How to create a dictionary with a word and its adjacent one from a string?

0

I have the following string :

texto = "We are not what we should be We are not what we need to be But at least we are not what we used to be"

This would be the return I wanted: for every word in the text, it receives the word next to it.

Example:

retorno = {‘we’: [‘are’, ‘should’, ‘are’, ‘need’, ‘are’, ‘used’], ‘are’: [‘not’, ‘not’]}
    
asked by anonymous 11.07.2018 / 00:08

3 answers

4

To get each word and its adjacent word, we can divide the string in the blanks and use the zip function to group them in pairs:

texto = "We are not what we should be We are not what we need to be But at least we are not what we used to be"
palavras = texto.split()

for a, b in zip(palavras, palavras[1:]):
    ...

Since you want to generate a list dictionary, we can use collections.defaultdict to simplify:

from collections import defautdict

resultado = defaultdict(list)

texto = "We are not what we should be We are not what we need to be But at least we are not what we used to be"
palavras = texto.split()

for a, b in zip(palavras, palavras[1:]):
    resultado[a.lower()].append(b.lower())

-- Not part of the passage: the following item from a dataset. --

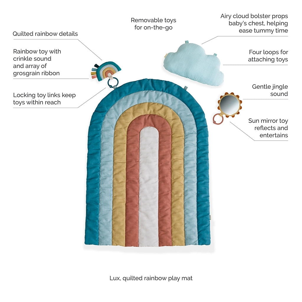 The luxe, quilted rainbow play mat creates a soft play area while the airy cloud bolster provides a boost of support helping baby grow stronger by the day. Watch as your little one gazes at their reflection in the sun mirror while grasping the rainbow’s textured ribbons. The mat folds compactly so you can easily tuck the Ritzy Tummy Time™ into your diaper bag for adventure & playtime on-the-go!

Thus, resultado will be the representation of:

{
    'we': ['are', 'should', 'are', 'need', 'are', 'used'], 
    'are': ['not', 'not', 'not'], 
    'not': ['what', 'what', 'what'], 
    'what': ['we', 'we', 'we'], 
    'should': ['be'], 
    'be': ['we', 'but'], 
    'need': ['to'], 
    'to': ['be', 'be'], 
    'but': ['at'], 
    'at': ['least'], 
    'least': ['we'], 
    'used': ['to']
}
    
11.07.2018 / 00:20
2

First you break the sentence into words:

words = texto.lower().split()

With this list of words, just iterate over it, attaching the next word. So that you do not have much work, you can use collections.defaultdict , which will create a list dictionary for you. The code looks like this:

import collections
adjacente = collections.defaultdict(list)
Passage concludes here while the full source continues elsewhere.